Exercise aim:
Go through the data below and copy it exactly, skipping every picture.

------------------------------------------------

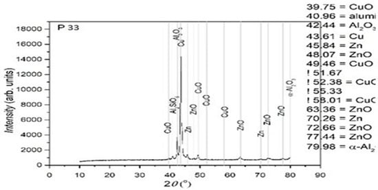 The XRD analysis was primarily qualitative. However, peak intensities were evaluated in relative terms to assess phase fraction tendencies. No full Rietveld refinement was performed; however, indexing was carried out using standard ICDD cards to identify the present main phases. In further studies, quantitative refinement techniques may be included in order to improve the resolution of minority phases.
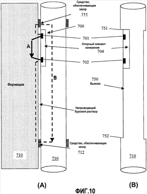 На Фиг.10В показан вариант осуществления изобретения, альтернативный варианту, показанному на Фиг.10А. Как показано на Фиг.10В, в корпусе 710 устройство для каротажа предусмотрена выемка, так что опорный элемент 704 вместе с электродами не будет напрямую контактировать со стенкой ствола скважины. Когда это устройство для каротажа прижимается к стенке ствола скважины, между опорным элементом 704 и стенкой ствола скважины будет оставаться слой непроводящего бурового раствора. Этот слой непроводящего бурового раствора будет обеспечивать изоляцию. Следовательно, только части корпуса устройства для каротажа, расположенные выше и ниже выемки, контактируют со стенкой ствола скважины, что обеспечивает заземление. Отметим, что расстояние между верхним краем 751 и нижним краем 752 выемки 750 должно быть большим по сравнению с длиной опорного элемента 704, с тем, чтобы минимизировать короткое замыкание требуемого тока (показанного на Фиг.10А как путь А). Специалист в данной области техники должен понимать, что возможны разновидности вариантов осуществления изобретения, показанных на Фиг.10А и 10В. Например, альтернативой варианту осуществления изобретения, показанному на Фиг.10В, является введение в выемку 750, показанную на Фиг.10В изолирующего материала.
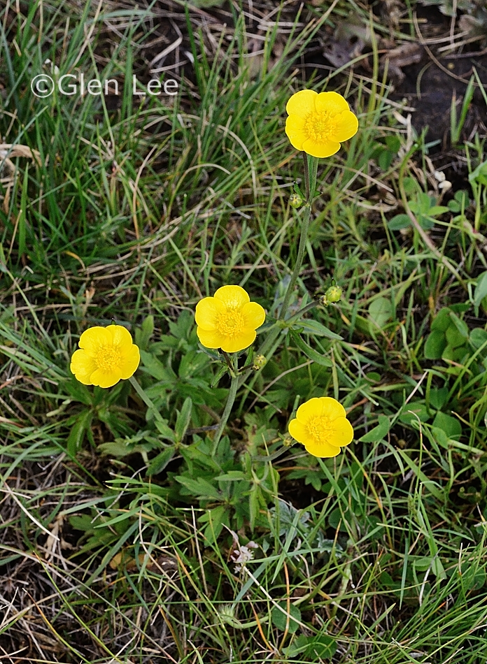 Flowers: Flowers bright yellow, large (for Ranunculus) to 2 cm diameter with petals 1 cm or more long, 1 to 4 flowers per flower stem. The edges of the petals touch one another. Flower stems sparsely hairy with long hairs.
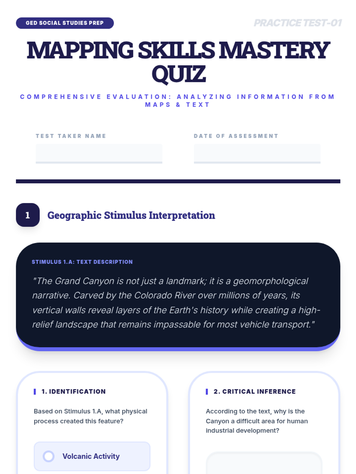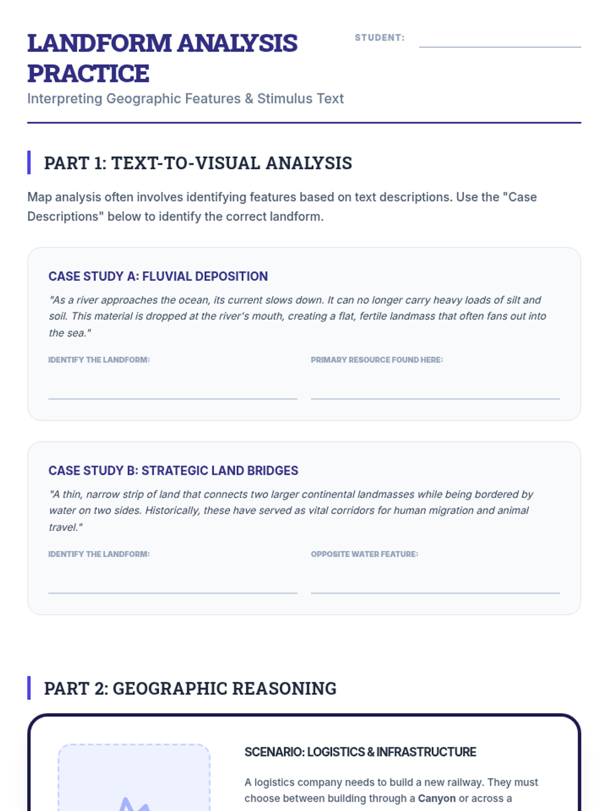 GED-aligned worksheet focusing on identifying landforms from text-based stimulus and applying geographic reasoning to transportation and resource scenarios.
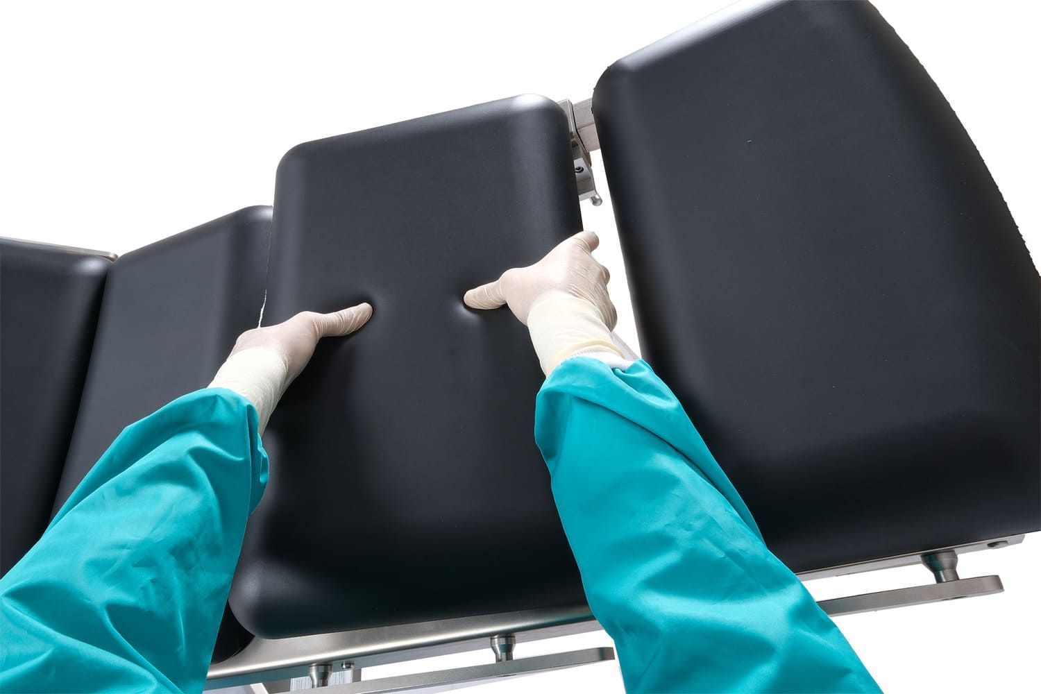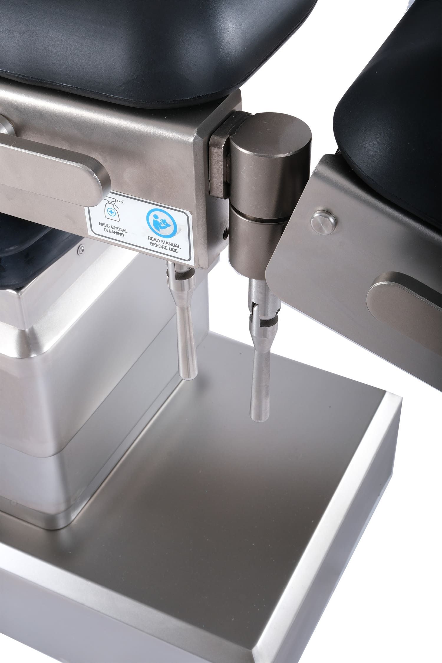 Diseño Modular El sistema ofrece flexibilidad gracias a su diseño, que permite posicionarlo en varios ángulos según el tipo de operación quirúrgica, y facilita su uso mediante las placas de cabeza y pies desmontables.La placa de pies desmontable permite un acceso ilimitado a la zona perineal, proporcionando máxima comodidad durante los procedimientos quirúrgicos.
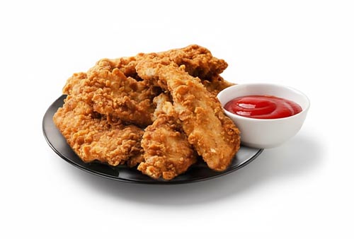 Poulet crousty maison (100% filet), riz. Sauces Blanche et Thaï, oignons croquants.
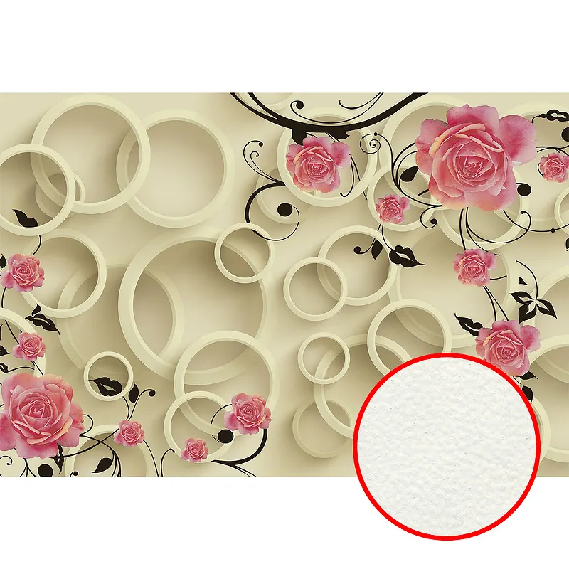 Фреска Ortograf 3D 30736 Фактура флок FLK Флизелин (4*2,7) Бежевый/Розовый, Цветы/Абстракция
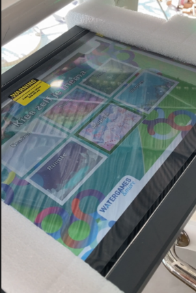 A competitive game can be played using numerous touch points. These are installed throughout the length of the slide. The more touch points a person hits, the higher their score. The score monitor at the end of the waterslide displays the score. This challenges visitors to try and improve their scores.
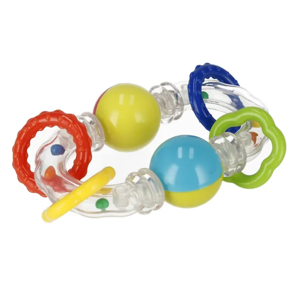 Dodatkowe elementy, takie jak obracające się kuleczki we wnętrzu grzechotki, kolorowe krążki oraz kule na obręczy uatrakcyjniają zabawę.
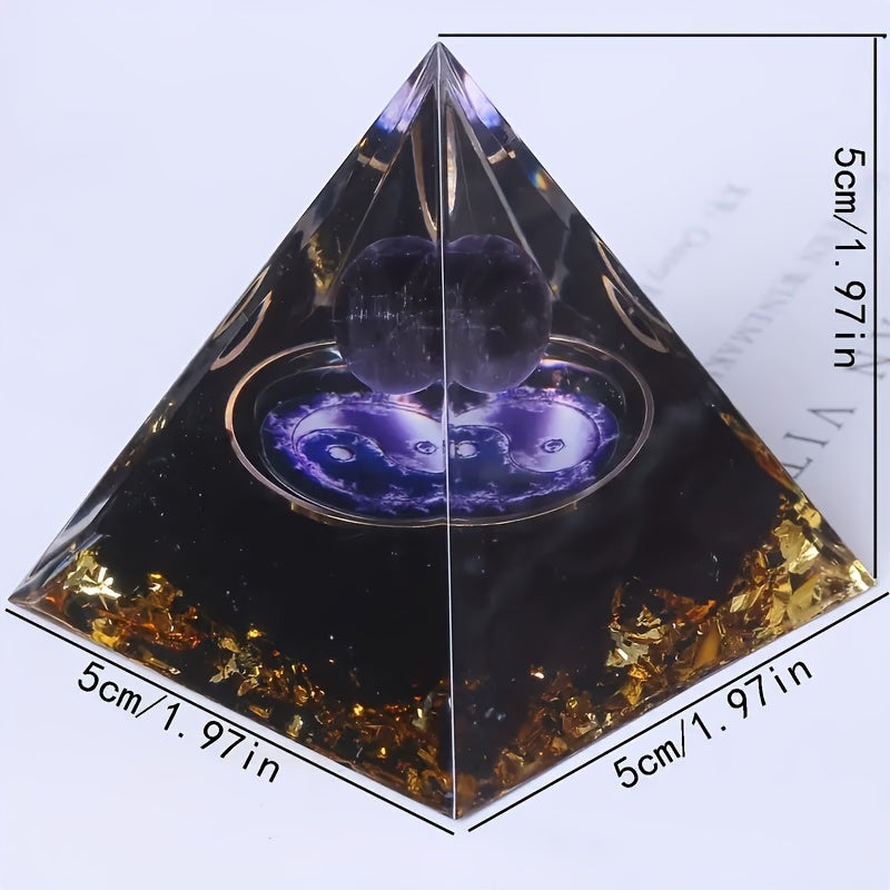 Enhance your space with this beautiful orgonite pyramid featuring amethyst crystal. Perfect for wealth and interior decoration.
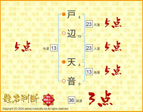 戸辺天音さんの総運は36画の3点!
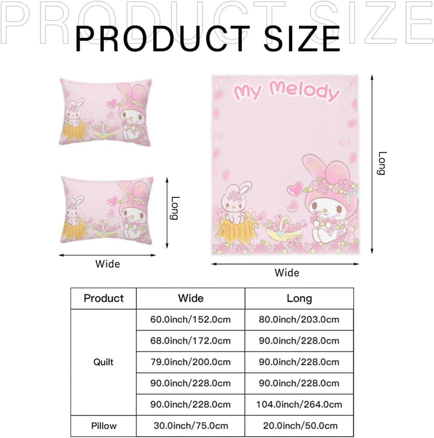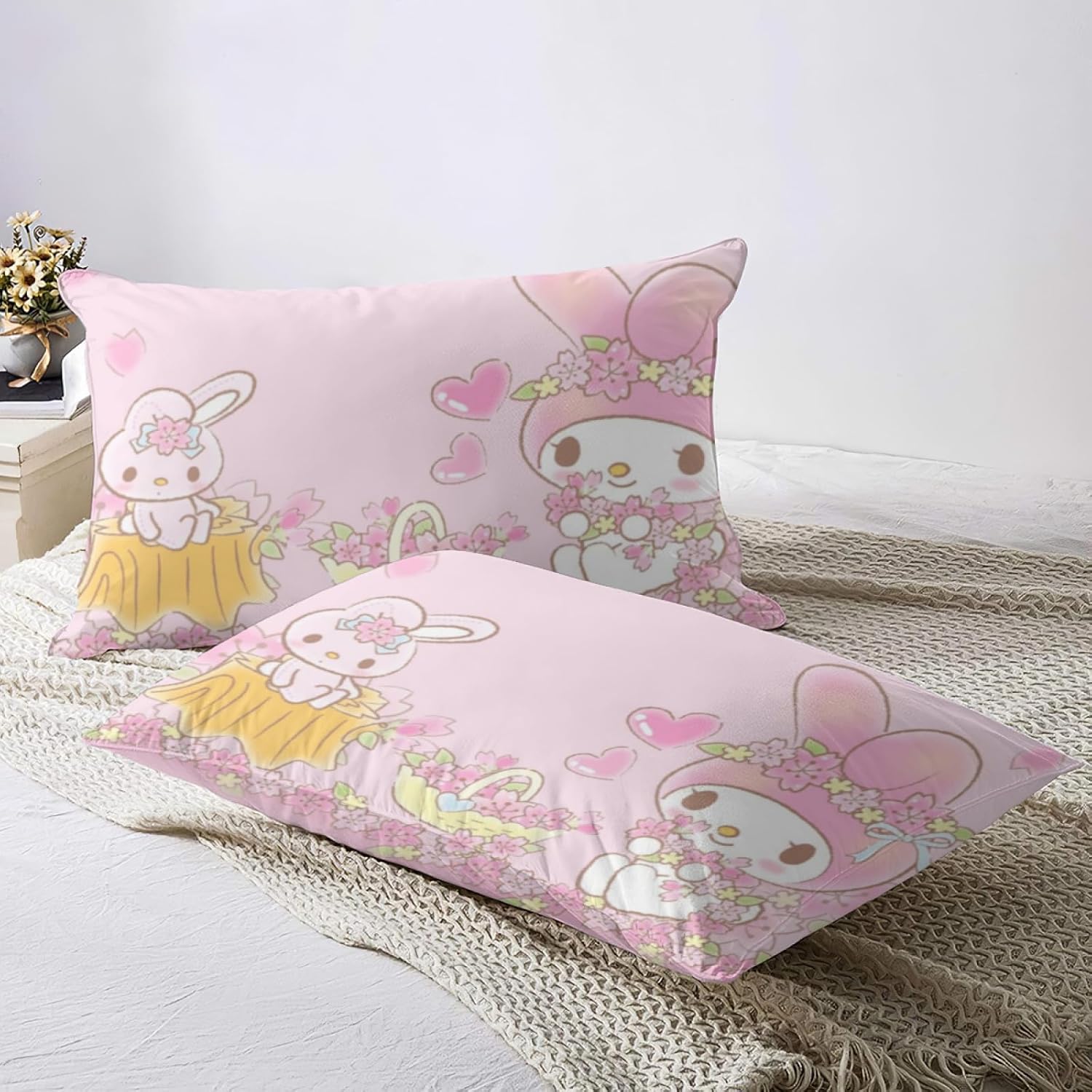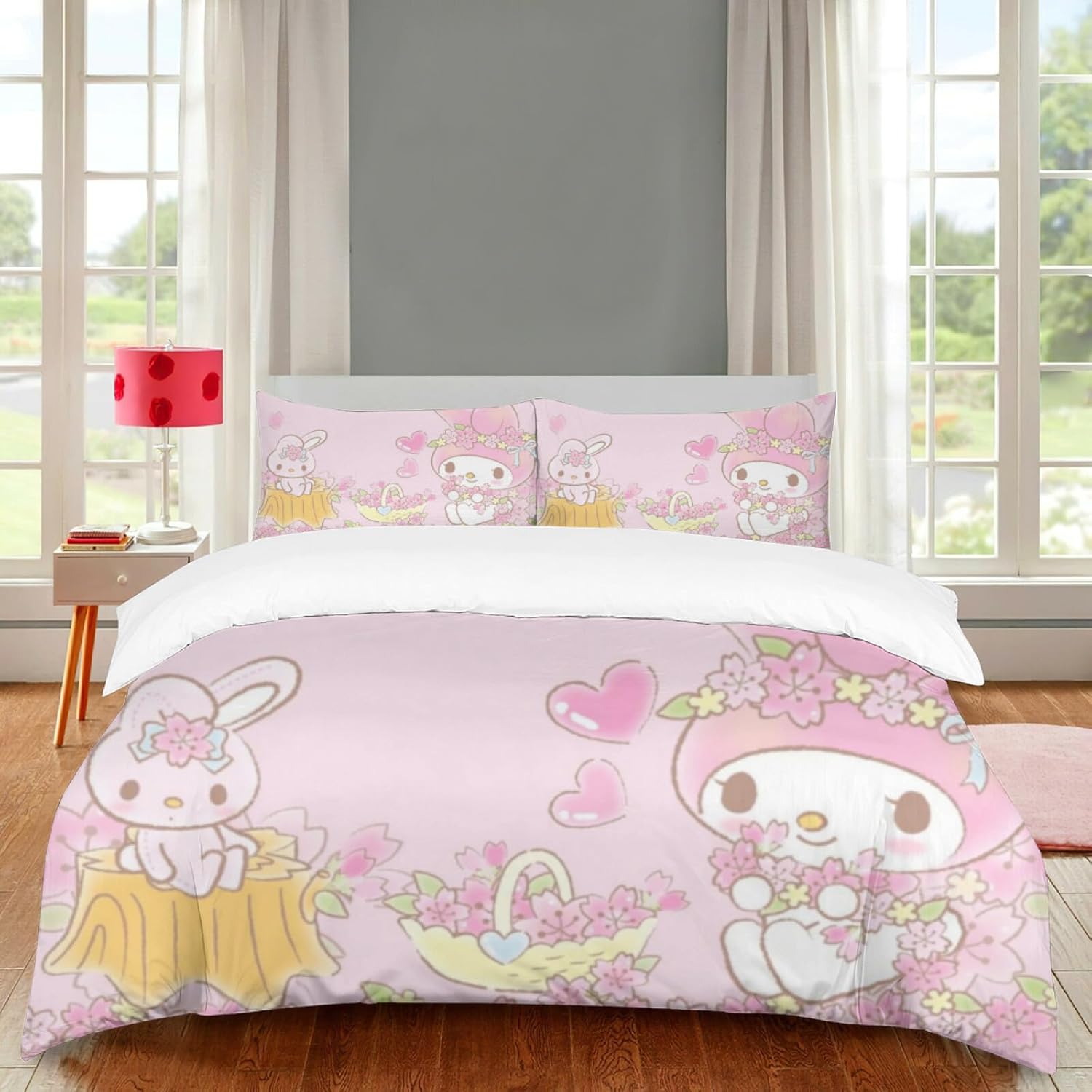 This adorable duvet cover set brings a charming and whimsical touch to your bedroom with its delightful Anime My Bunny Melody design. The 3D printed floral pattern in soft pink hues adds a playful and kawaii vibe that's sure to spark joy and create a cozy atmosphere.
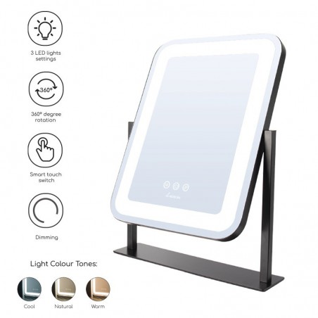 Rinkitės iš 3 spalvų apšvietimo: šiltos geltonos, įprastos baltos ir šaltos baltos spalvos. Kiekvieną spalvą atskiru mygtuku galėsite pritemdyti arba paryškinti iki norimo lygio, kuris jums labiausiai tinka.

------------------------------------------------

Your response:
 The XRD analysis was primarily qualitative. However, peak intensities were evaluated in relative terms to assess phase fraction tendencies. No full Rietveld refinement was performed; however, indexing was carried out using standard ICDD cards to identify the present main phases. In further studies, quantitative refinement techniques may be included in order to improve the resolution of minority phases.
 На Фиг.10В показан вариант осуществления изобретения, альтернативный варианту, показанному на Фиг.10А. Как показано на Фиг.10В, в корпусе 710 устройство для каротажа предусмотрена выемка, так что опорный элемент 704 вместе с электродами не будет напрямую контактировать со стенкой ствола скважины. Когда это устройство для каротажа прижимается к стенке ствола скважины, между опорным элементом 704 и стенкой ствола скважины будет оставаться слой непроводящего бурового раствора. Этот слой непроводящего бурового раствора будет обеспечивать изоляцию. Следовательно, только части корпуса устройства для каротажа, расположенные выше и ниже выемки, контактируют со стенкой ствола скважины, что обеспечивает заземление. Отметим, что расстояние между верхним краем 751 и нижним краем 752 выемки 750 должно быть большим по сравнению с длиной опорного элемента 704, с тем, чтобы минимизировать короткое замыкание требуемого тока (показанного на Фиг.10А как путь А). Специалист в данной области техники должен понимать, что возможны разновидности вариантов осуществления изобретения, показанных на Фиг.10А и 10В. Например, альтернативой варианту осуществления изобретения, показанному на Фиг.10В, является введение в выемку 750, показанную на Фиг.10В изолирующего материала.
 Flowers: Flowers bright yellow, large (for Ranunculus) to 2 cm diameter with petals 1 cm or more long, 1 to 4 flowers per flower stem. The edges of the petals touch one another. Flower stems sparsely hairy with long hairs.
 GED-aligned worksheet focusing on identifying landforms from text-based stimulus and applying geographic reasoning to transportation and resource scenarios.
 Diseño Modular El sistema ofrece flexibilidad gracias a su diseño, que permite posicionarlo en varios ángulos según el tipo de operación quirúrgica, y facilita su uso mediante las placas de cabeza y pies desmontables.La placa de pies desmontable permite un acceso ilimitado a la zona perineal, proporcionando máxima comodidad durante los procedimientos quirúrgicos.
 Poulet crousty maison (100% filet), riz. Sauces Blanche et Thaï, oignons croquants.
 Фреска Ortograf 3D 30736 Фактура флок FLK Флизелин (4*2,7) Бежевый/Розовый, Цветы/Абстракция
 A competitive game can be played using numerous touch points. These are installed throughout the length of the slide. The more touch points a person hits, the higher their score. The score monitor at the end of the waterslide displays the score. This challenges visitors to try and improve their scores.
 Dodatkowe elementy, takie jak obracające się kuleczki we wnętrzu grzechotki, kolorowe krążki oraz kule na obręczy uatrakcyjniają zabawę.
 Enhance your space with this beautiful orgonite pyramid featuring amethyst crystal. Perfect for wealth and interior decoration.
 戸辺天音さんの総運は36画の3点!
 This adorable duvet cover set brings a charming and whimsical touch to your bedroom with its delightful Anime My Bunny Melody design. The 3D printed floral pattern in soft pink hues adds a playful and kawaii vibe that's sure to spark joy and create a cozy atmosphere.
 Rinkitės iš 3 spalvų apšvietimo: šiltos geltonos, įprastos baltos ir šaltos baltos spalvos. Kiekvieną spalvą atskiru mygtuku galėsite pritemdyti arba paryškinti iki norimo lygio, kuris jums labiausiai tinka.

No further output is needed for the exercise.